Stored items from a collection
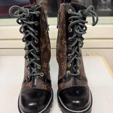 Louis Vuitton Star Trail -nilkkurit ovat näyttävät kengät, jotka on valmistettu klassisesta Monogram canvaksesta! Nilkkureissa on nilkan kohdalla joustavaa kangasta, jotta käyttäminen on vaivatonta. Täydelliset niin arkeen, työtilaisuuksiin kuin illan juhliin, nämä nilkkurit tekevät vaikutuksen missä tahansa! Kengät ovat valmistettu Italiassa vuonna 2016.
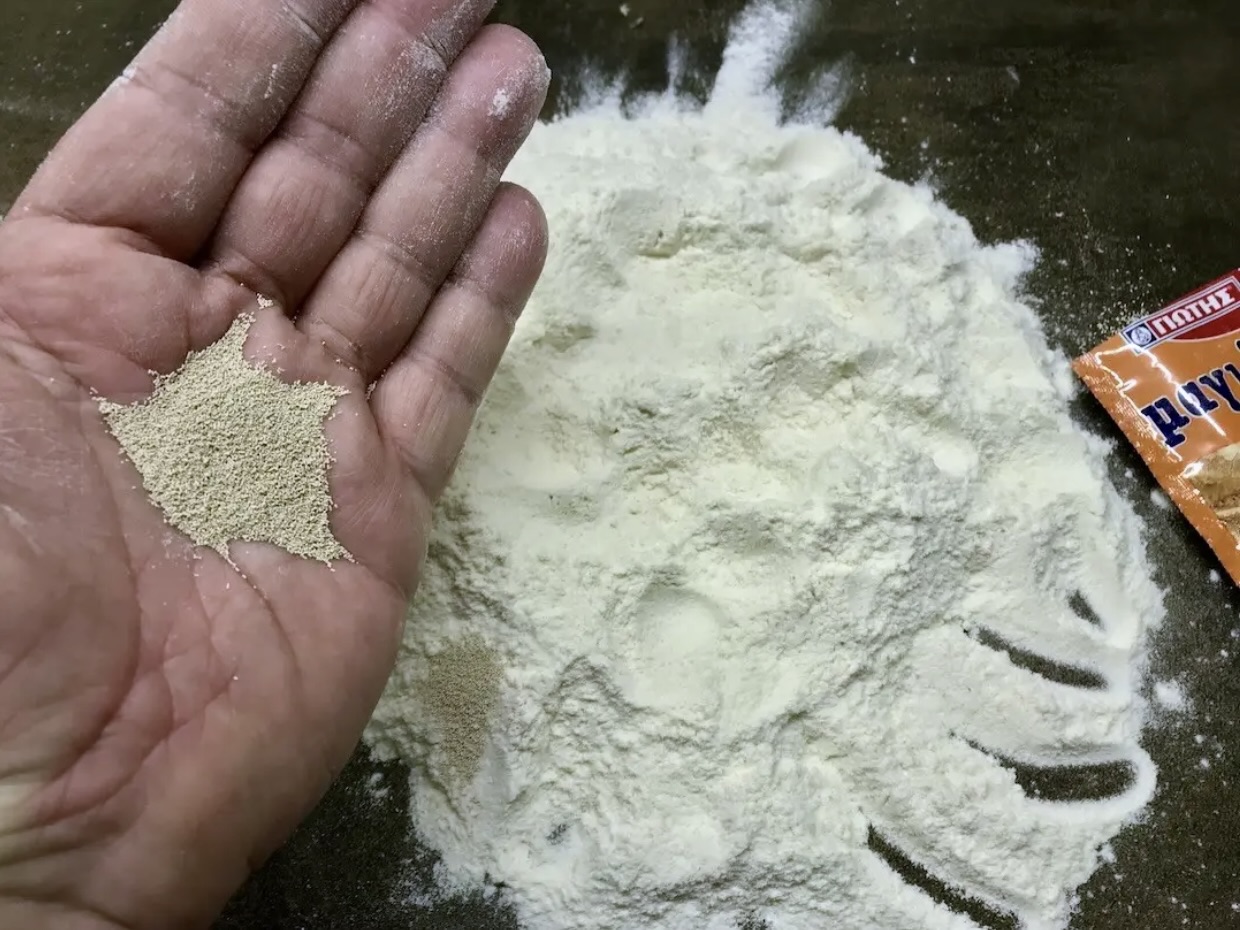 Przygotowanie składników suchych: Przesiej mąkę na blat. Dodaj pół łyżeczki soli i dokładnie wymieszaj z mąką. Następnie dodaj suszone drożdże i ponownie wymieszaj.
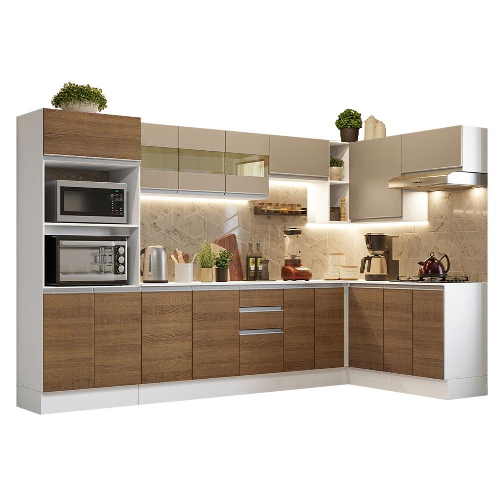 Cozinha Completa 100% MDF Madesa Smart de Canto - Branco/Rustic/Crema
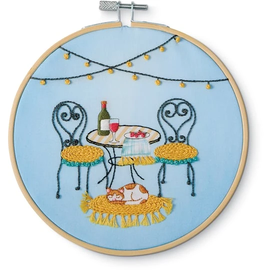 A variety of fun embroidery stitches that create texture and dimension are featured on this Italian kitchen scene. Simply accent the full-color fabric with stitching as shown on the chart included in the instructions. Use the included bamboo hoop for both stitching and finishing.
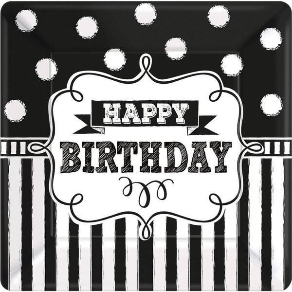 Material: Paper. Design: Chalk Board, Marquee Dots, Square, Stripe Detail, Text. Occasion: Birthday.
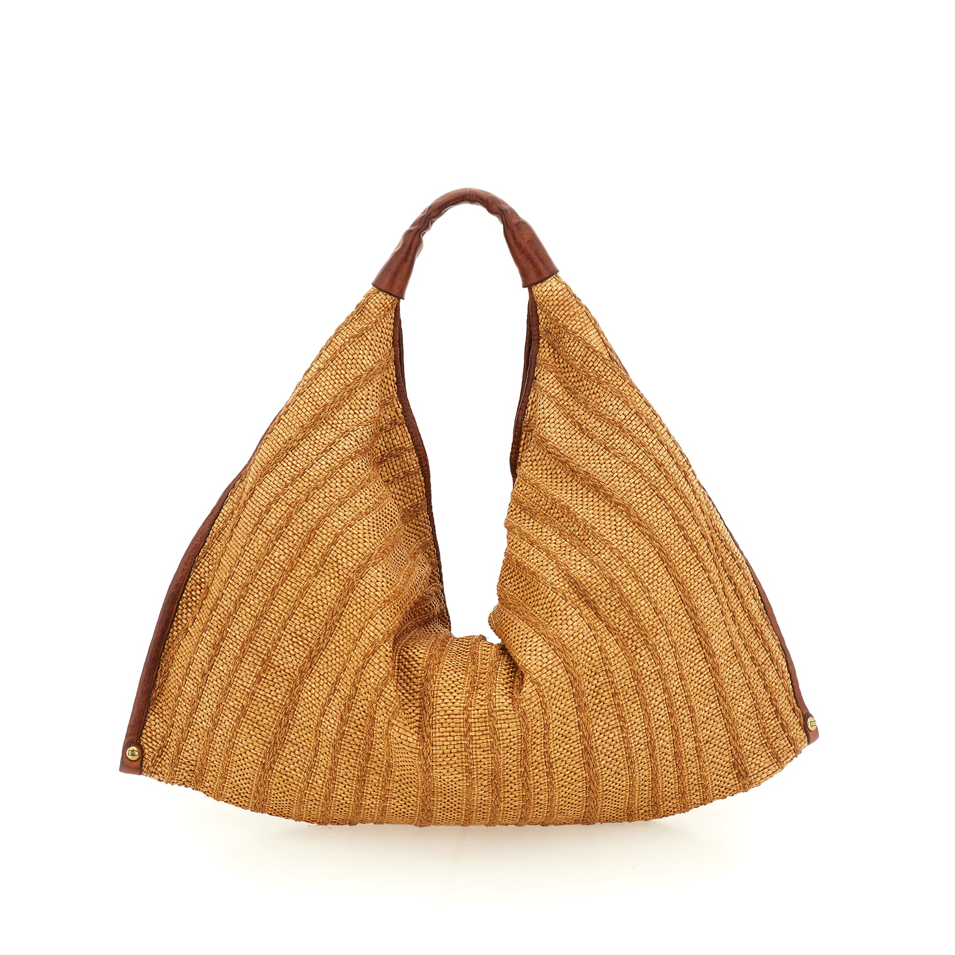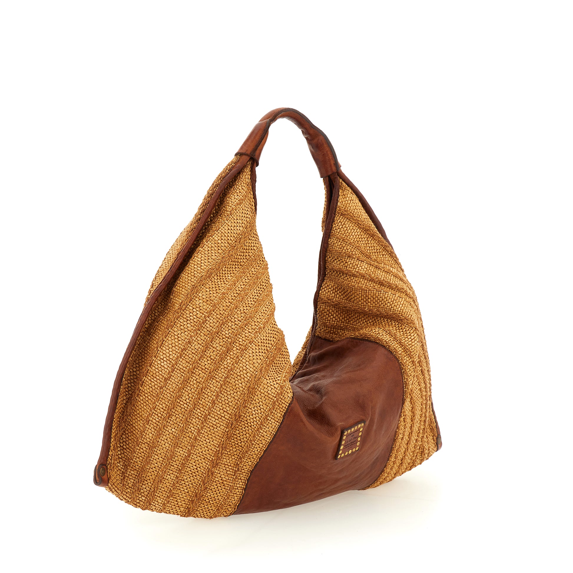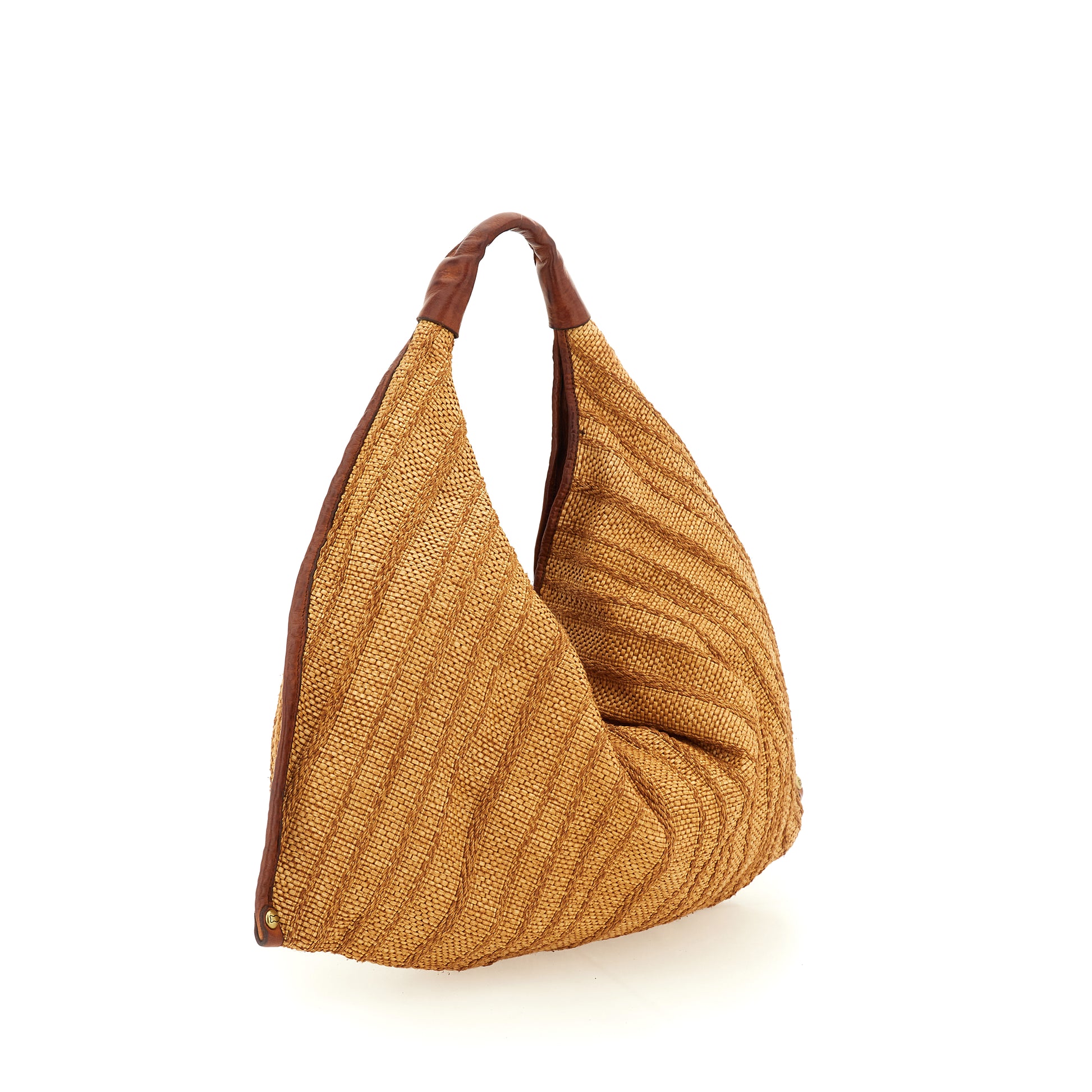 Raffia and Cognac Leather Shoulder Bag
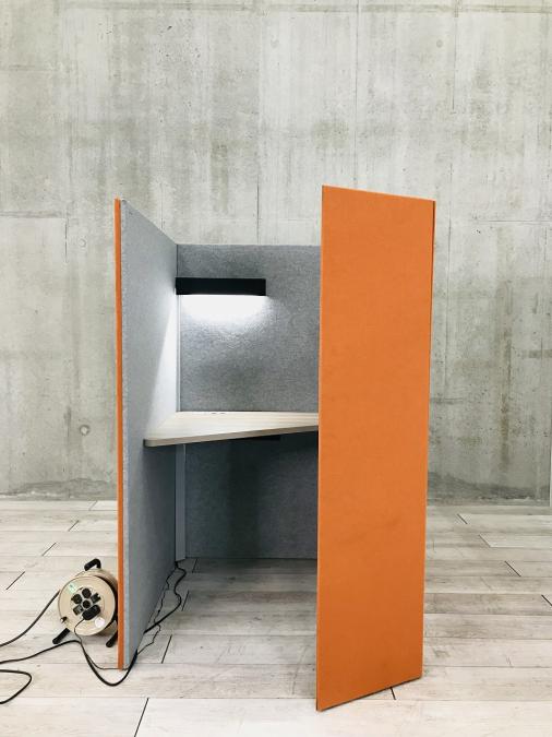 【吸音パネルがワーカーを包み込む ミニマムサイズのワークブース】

(Prompt):
The copy should start at the line that contains "Material: Paper. Design: Chalk", end at the last line of the entries above, and match each line exactly, with pictures dropped.

(Completed exercise):
 Material: Paper. Design: Chalk Board, Marquee Dots, Square, Stripe Detail, Text. Occasion: Birthday.
 Raffia and Cognac Leather Shoulder Bag
 【吸音パネルがワーカーを包み込む ミニマムサイズのワークブース】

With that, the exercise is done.